Print version ISSN 0100-736X

Pesq. Vet. Bras. vol.31 no.3 Rio de Janeiro Mar. 2011 



Bleaching of melanin in the epidermis of South American fur seal and its application on enzyme immunohistochemistry


Clareamento da melanina na epiderme do Lobo-marinho-sul-americano e sua aplicação na imuno-histoquímica enzimática



Ana Paula da SilvaI, *; Rodrigo Godoi SilvaI; Bruno CogliatiII; Alex Sander Machado DiasI; Alfredo E. Le BasIII; Francisco Javier Hernandez-BlazquezI

ISetor de Anatomia dos Animais Domésticos e Silvestres, Departamento de Cirurgia, Faculdade de Medicina Veterinária e Zootecnia (FMVZ), Universidade de São Paulo (USP), Av. Prof. Orlando Marques de Paiva 87, São Paulo, SP 055508-900, Brazil
IIDepartamento de Patologia, FMVZ-USP, São Paulo, Av. Prof. Orlando Marques de Paiva 87, SP 055508-900
IIIFacultad de Ciencias, Universidad de la República, Iguá 4225 Esq. Mataojo C.P. 11400 Montevideo, Uruguay




The South American fur seal (Arctocephalus australis) is an amphibious marine mammal distributed along the Atlantic and Pacific coasts of South America. The species is well adjusted to different habitats due to the morphology of its fin-like members and due to some adaptations in their integumentary system. Immunohistochemical studies are very important to evaluate the mechanisms of skin adaptation due the differential expression of the antigens present in the tissue depending of the region of the body surface. However, its strongly pigmented (melanin) epidermis prevents the visualization of the immuno-histochemical chromogens markers. In this study a melanin bleaching method was developed aimed to allow the visualization of the chromogens without interfering in the antigen-antibody affinity for immunohistochemistry. The analysis of PCNA (proliferating cell nuclear antigen) index in the epidermis of A. australis by immunohistochemistry with diaminobenzidine (DAB) as chromogen was used to test the method. The bleaching of the melanin allowed to obtain the cell proliferation index in epidermis and to avoid false positive results without affecting the immunohistochemical results.

Index terms: Pinnipeds, fur seal, immunohistochemistry, skin, melanin, cell proliferation.

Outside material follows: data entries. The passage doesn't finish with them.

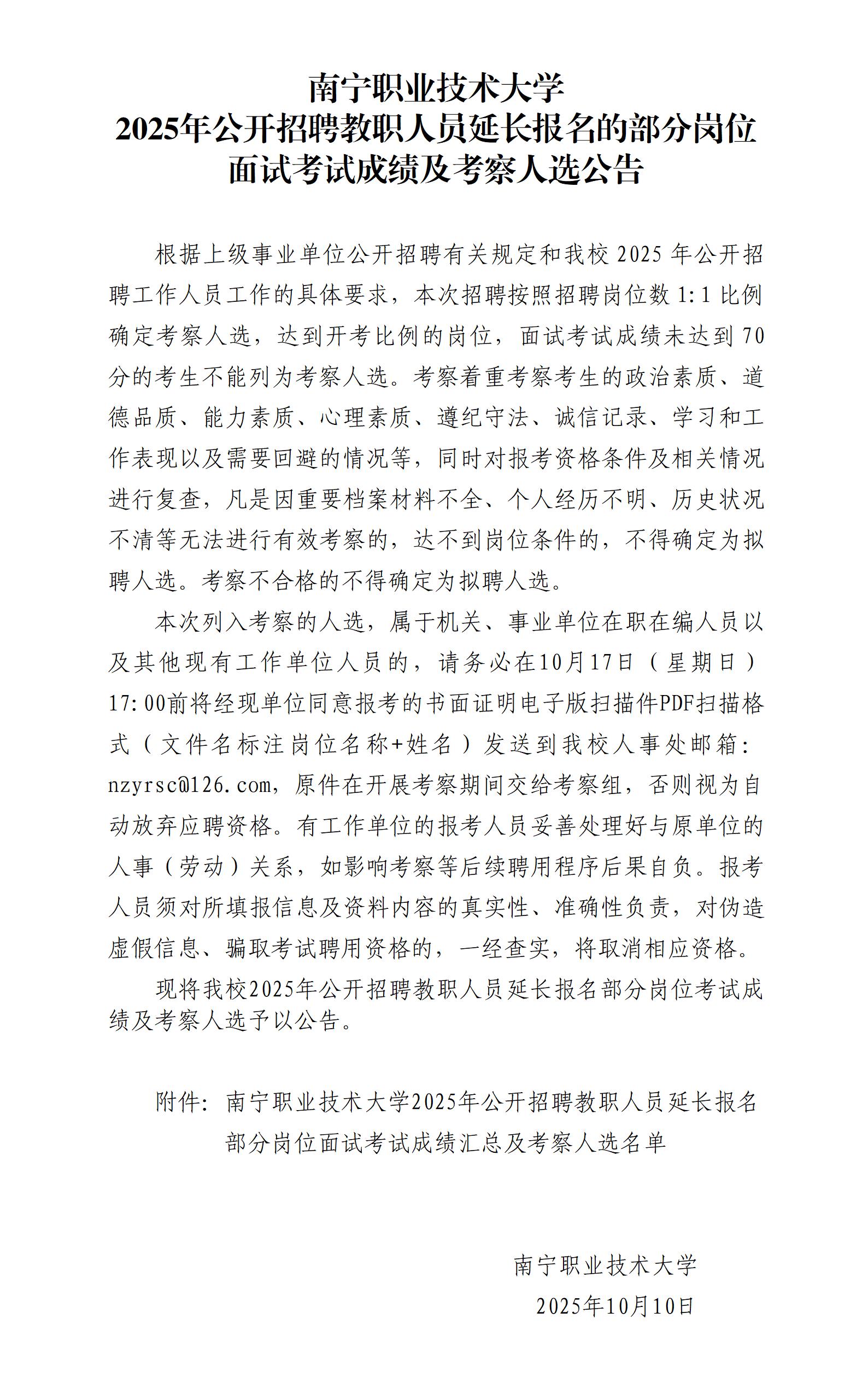 南宁职业技术大学2025年公开招聘教职人员控制数延长报名的部分岗位面试考试成绩及考察人选公告
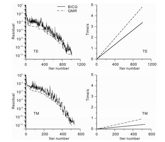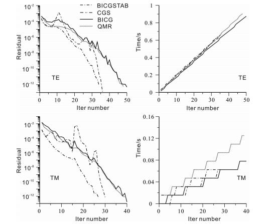 The preconditioned Krylov subspace methods[29] are mostly used in solving MT problems. A good preconditioner is an art when it combines well with the iterative solver[30], which is very essential in 3D MT finite difference forward modeling. For example, Mackie et al. (1994)[6] used incomplete Cholesky decomposition as preconditioner for Minimum Residual (MR) algorithm and Biconju-gate Gradient (BiCG). Smith (1996)[10] found that the incomplete Cholesky preconditioner can accelerate convergence of BICG iterative method. Siripunvaraporn et al. (2002)[8] combined incomplete LU decomposition with the Quasi-Minimal Residual (QMR) method. We make a comparison of the validity of four iterative methods BiCG, QMR, Conjugate Gradient Squared (CGS), and Biconjugate Gradient Stabilized (BiCGSTAB) using a 2-D model as same as Md-4 with a 47 X 36 mesh, the desired residual is 10 -12. A Jacobi precondi-tioner (M is a diagonal matrix, its elements are the diagonal of matrix A.) is used for the four linear solvers, the convergence of both Jacobi-BICGSTAB and Jacobi-CGS are not improved at low frequencies, while Jacobi-BICG and Jacobi-QMR can reach the desired residual. Fig. 6 shows the convergence and consuming time of Jacobi-BICG and Jacobi-QMR in the TE and TM modes at frequency 1 Hz. Though the Jacobi-QMR shows a more smooth convergence than Jacobi-BICG, the former consumes more time per iteration than the latter.
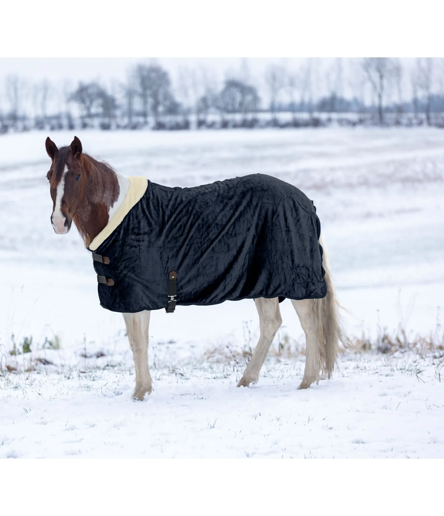 Chemise polaire douce. Matière respirante. Large encolure en polaire Teddy. Fermeture par patte auto-agrippante au niveau du poitrail . Sangle ventrale. Broderie étoilée sur le flanc. 100 % polyester.
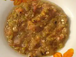 Tunisian cuisine, the cuisine of Tunisia, consists of the cooking traditions, ingredients, recipes and techniques developed in Tunisia since antiquity. It is mainly a blend of Arab, Mediterranean, Punic, and Berber cuisine.[1] Historically, Tunisian cuisine witnessed influence and exchanges with many cultures and nations like Italians, Andalusians, French and Arabs.[2]
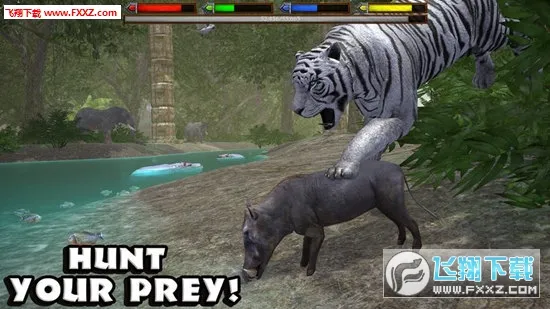 《JungleSim安卓版》是一款精彩的3D动物模拟游戏。它采用成熟的3D引擎,把原始森林的环境和天气模拟得极为细致,无论是阳光洒下的光斑、雨滴溅起的水花,还是起雾时模糊的灌木丛,都十分逼真。
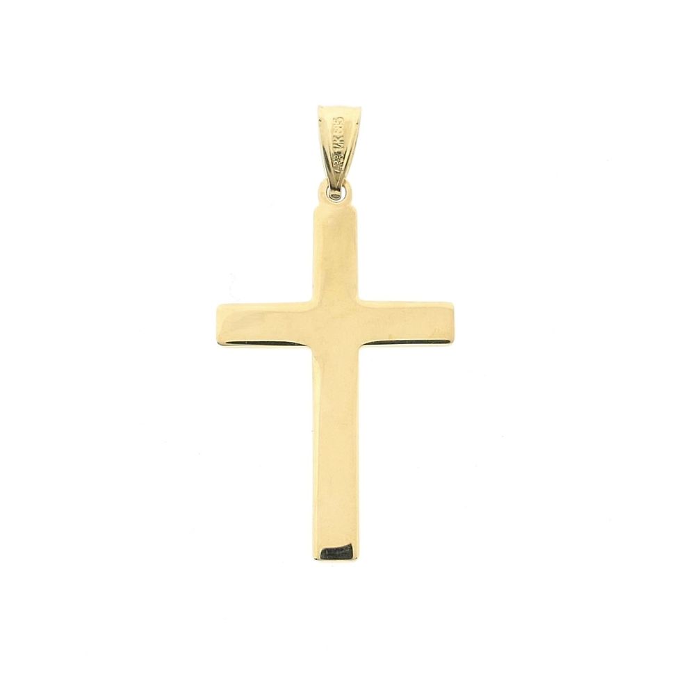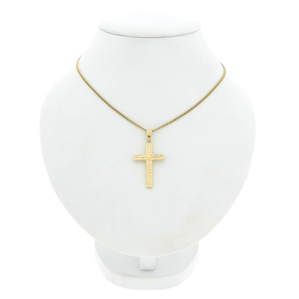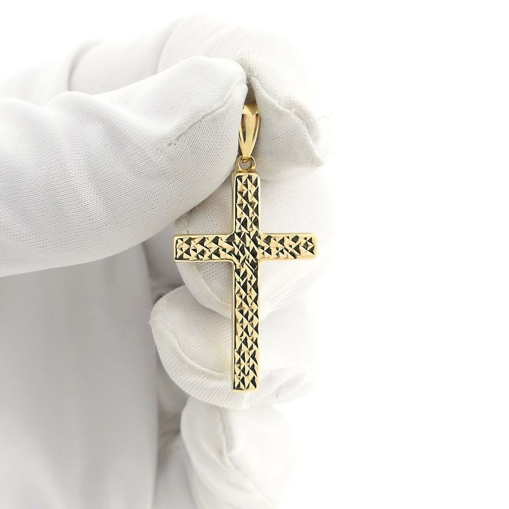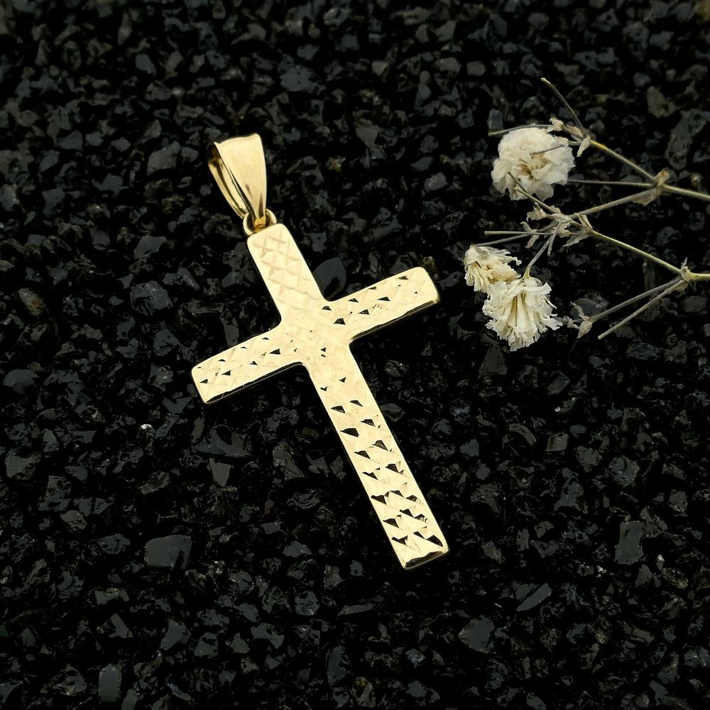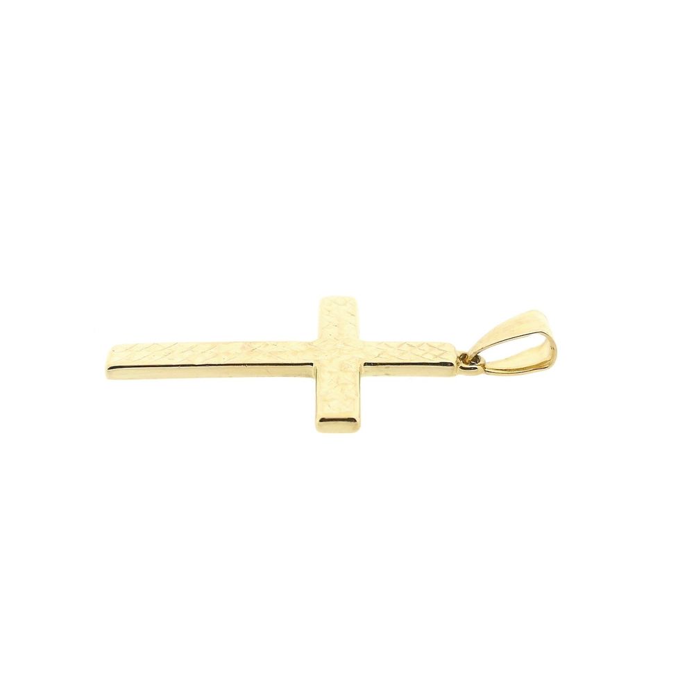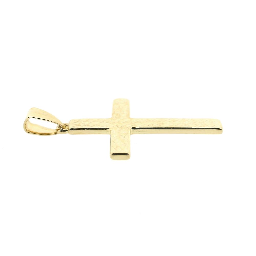 Gold cross pendant. The front of the pendant has a mosaic effect, and the back is fully polished. The pendant is crafted from 14-karat yellow gold (585/1000).

O Lobo-marinho-sul-americano (Arctocephalus australis) é um mamífero marinho anfíbio distribuído ao longo da Costa do Atlântico e do Pacífico da América do Sul. Esta espécie está bem adaptada a diferentes habitats devido à morfologia dos membros em forma de nadadeira e de seu sistema tegumentar. Estudos imuno-histoquímicos são importantes para avaliar os mecanismos de adaptação da pele devido a diferencial expressão dos antígenos presentes no tecido dependendo da região da superfície corporal. Entretanto, sua epiderme altamente pigmentada (melanina) impede a visualização dos marcadores cromógenos utilizados na imuno-histoquímica. Neste trabalho foi desenvolvido um método de clarear a melanina para permitir a visualização dos cromógenos sem alterar a afinidade antígeno-anticorpo para a imuno-histoquímica. A análise do índice do PCNA (proliferating cell nuclear antigen) na epiderme de A. australis, com diaminobenzidina (DAB) como cromógeno foi usada para testar o método. O clareamento da melanina permitiu obter o índice de proliferação celular na epiderme e evitar resultados falso-positivos sem afetar os resultados imuno-histoquímicos.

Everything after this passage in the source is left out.